Bayangkan piala kemenangan berkilau diterpa sorot kamera, gemuruh tepuk tangan membelah udara. Anda berdiri di puncak, elang yang mengangkasa langit ambisi. Tapi, di antara hiruk pikuk itu, adakah bisikan lirih yang menusuk relung hening? Bisikan tentang sepasang mata keriput yang berkaca-kaca, tangan kapalan yang tak henti berdoa, dan senyum yang mekar meski digerogoti tahun. Bisikan yang bertanya, "Di balik gemerlap sukesmu, mana yang lebih terang, sinar piala ataukah rembulan kasih orang tuamu?"
Pernahkah Anda mendengar kisah tentang seorang anak yang sukses menjadi seorang dokter, tapi tak pernah menjenguk orang tuanya yang sakit? Atau, seorang anak yang sukses menjadi seorang pengusaha, tapi tak pernah memberikan uang kepada orang tuanya yang miskin?
Kisah-kisah seperti ini mungkin terdengar biasa saja, tapi sebenarnya sangat menyedihkan. Karena, kesuksesan mereka tak pernah benar-benar lengkap. Mereka mungkin telah meraih puncak tertinggi dalam karier mereka, tapi mereka telah kehilangan sesuatu yang lebih penting, yaitu cinta dan bakti kepada orang tua.
Cinta dan bakti kepada orang tua adalah fondasi kesuksesan yang paling kokoh. Tanpa fondasi ini, kesuksesan kita akan mudah goyah dan rapuh. Karena, orang tua adalah orang-orang yang paling mencintai kita tanpa syarat. Merekalah yang telah berkorban tanpa lelah untuk kita, demi kebahagiaan kita.
Ingatlah, kesuksesan kita tak pernah berdiri sendiri. Ada jejak kaki orang tua di setiap langkah kita, ada doa mereka yang mengiringi tiap hela napas kita. Jadi, jangan biarkan panggung kesuksesanmu menjadi panggung kesia-siaan. Bawa mereka naik ke atas pentas, biarkan senyuman mereka menjadi sorotan terindah, dan jadikan piala kemenanganmu persembahan terindah untuk mereka yang telah memberimu segalanya.
Kita mengejar sukses sebagai mantra pemikat, seolah segala-galanya bermuara pada capaian, popularitas, dan harta. Tapi, benarkah definisi sukses sekaku? Atau, adakah kompas lain, tersembunyi di balik bayang-bayang piala emas?

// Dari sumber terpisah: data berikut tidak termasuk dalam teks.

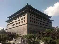 The Southeast Corner Tower was built from 1436 to 1439 and is a major state-protected historical site.[1] The tower, which rises 29 m (95 ft) in height with 144 archery windows, is the largest corner tower still standing in China.[8] The tower could house 200 soldiers and has ramps for soldiers and horses.[8] During the Qing Dynasty, bannerman of the Plain Blue Banner were stationed at the corner tower.[9] During the Boxer Rebellion of 1900, the tower was attacked and captured by the Eight-Nation Alliance.[8] It was known by Westerners as the Fox Tower.[10] Graffiti carved by the invaders are preserved inside the tower. The corner tower was restored in 1983 and became a tourist site. Inside the tower is an exhibit on the history of the city's Ming-era walls. The Red Gate Gallery, a privately managed, non-profit contemporary art gallery opened in 1991 inside the tower and operated for over two decades before moving to the 798 Art Zone.[8] In 2003, the Southeast Corner Tower became part of the Ming City Wall Relics Park.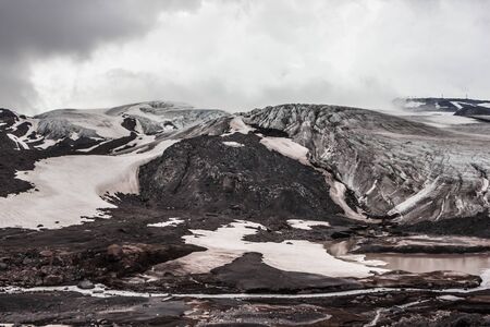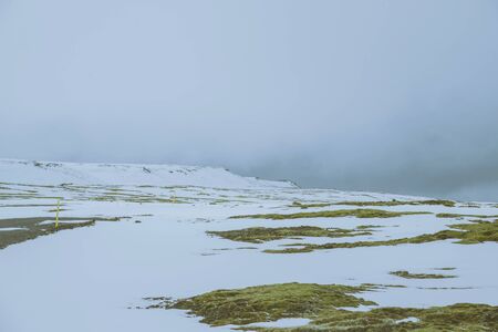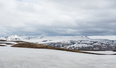 Landscape with snow, Askja caldera area, Iceland. Central highlands of Iceland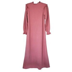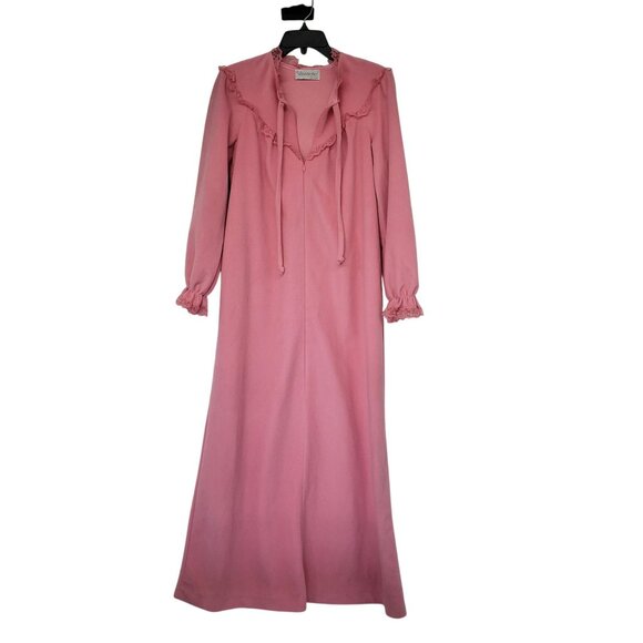 Vintage Vassarette Velvelour Velvet Pink Lace Ruffle House Coat Robe 1970s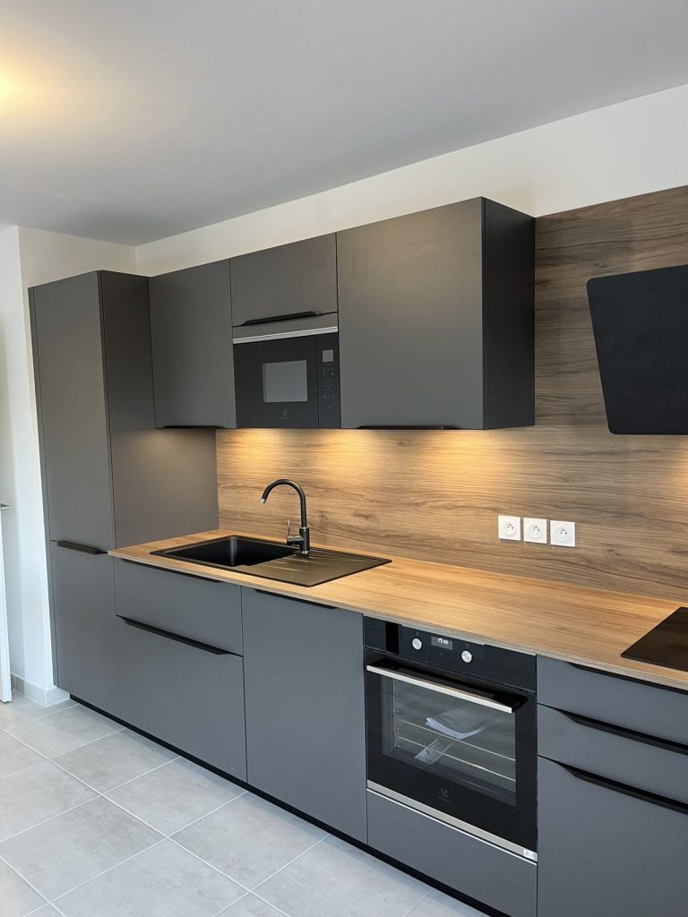 Nous intégrons parfaitement vos équipements (four, plaques, lave-vaisselle, réfrigérateur) pour une cuisine fonctionnelle et fluide au quotidien.
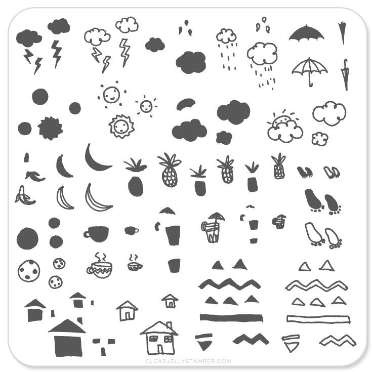 MINI Summer Drinks, Fruits & Sky Doodle; which, is a doodling inspired plate that gives the impression of "hand-drawn" artwork. We are creating a series of doodle impressions because we think they're darn cute & fun! MINI Summer Drinks & Fruits Doodle is a "summer fun" themed plate and features; bananas, pineapples, coffee drinks or tea, fruity cocktails, bare feet, buildings (of corse!) and cookies! These plates are the same images as on our other Doodle plates... just smaller!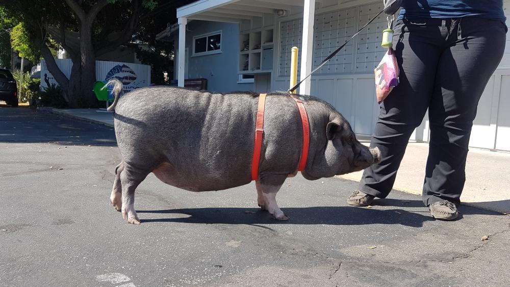 Trotzdem lädt sie uns ein, eine Runde mit dem Schwein zu knuddeln. Ich finde Hängebauchschweine super - wir Mädels sind schon ein bisschen aus dem Häuschen, einmal kurz streicheln reicht uns dann aber doch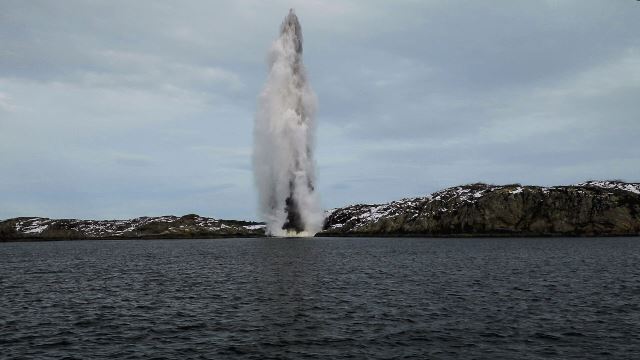 Fotografía: Vista aérea de una de las detonaciones (Royal Norwegian Navy)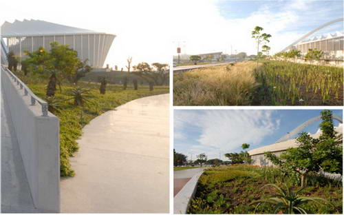 “就軟景植物選擇來說,它加強了‘場地的感覺’,夸祖魯—納塔爾本土物種被廣泛使用。樹種類型選擇適度考慮到臨近海邊特點,營造了地區小氣候。便于養護和灌溉性也被列入考察范圍,各種植物將為本地的鳥類、昆蟲和城市野生動物提供食物和庇護場所。”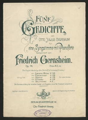 Fünf Gedichte : für eine Singstimme mit Pianoforte ; op. 74 / von Otto Julius Bierbaum. Komp. von Friedrich Gernsheim. The English words by John Bernhoff

Kita lahir di pelukan kasih sayang orang tua. Tangan mereka yang menggendong, pelukan mereka yang menenangkan, suara mereka yang membisikkan doa - itulah fondasi kesuksesan pertama kita. Jerih payah mereka, keringat yang mengalir tanpa henti, hanya semata untuk membuahkan senyum di bibir kita, agar hidup kita tak diintip duka.
Lalu, di pentas kehormatan, apakah kita masih ingat tangan-tangan yang dulu mengantar langkah kita? Apakah suara mereka yang menjadi lagu pengiring masih terngiang di antara gemuruh panggung? Atau, bayangan mereka telah sirna, tertelan pusaran ambisi dan kemenangan?
Kesuksesan sejati bukanlah piala, bukan angka di rekening bank. Kesuksesan sejati adalah ketika kebahagiaan kita tak sekadar milik sendiri, tapi juga milik mereka yang telah berkorban untuk kita, terutama orang tua. Kesuksesan sejati adalah ketika piala yang kita angkat diiringi bukan hanya sorak sorai, tapi juga tatapan mata bangga dan tangan-tangan keriput yang gemetar meraba wajah kita.
Menggapai sukses memang penting. Tapi, jangan sampai di tengah huru-hara kemenangan, kita lupa jejak kaki mereka di setiap langkah kita, lupa doa mereka yang menjadi napas kita.
Jadi, jangan biarkan panggung sukesmu menjadi panggung kesia-siaan. Bawa mereka naik ke atas pentas, biarkan senyuman mereka menjadi sorotan terindah, dan jadikan piala kemenanganmu persembahan terindah untuk mereka yang telah memberimu segalanya.
Karena pada akhirnya, kesuksesan tanpa cinta dan bakti kepada orang tua hanyalah semu. Panggung tanpa penonton, piala tanpa makna. Dan, panggung kehidupan yang sejati tak diukur dari tepuk tangan, tapi dari kehangatan pelukan mereka yang setia mengiringi kita hingga ujung jalan.
Mari kita pastikan, sinar piala tak pernah melunturkan rembulan kasih orang tua. Biarkan keduanya bersinar terang, melengkapi langit kesuksesan kita yang sejati.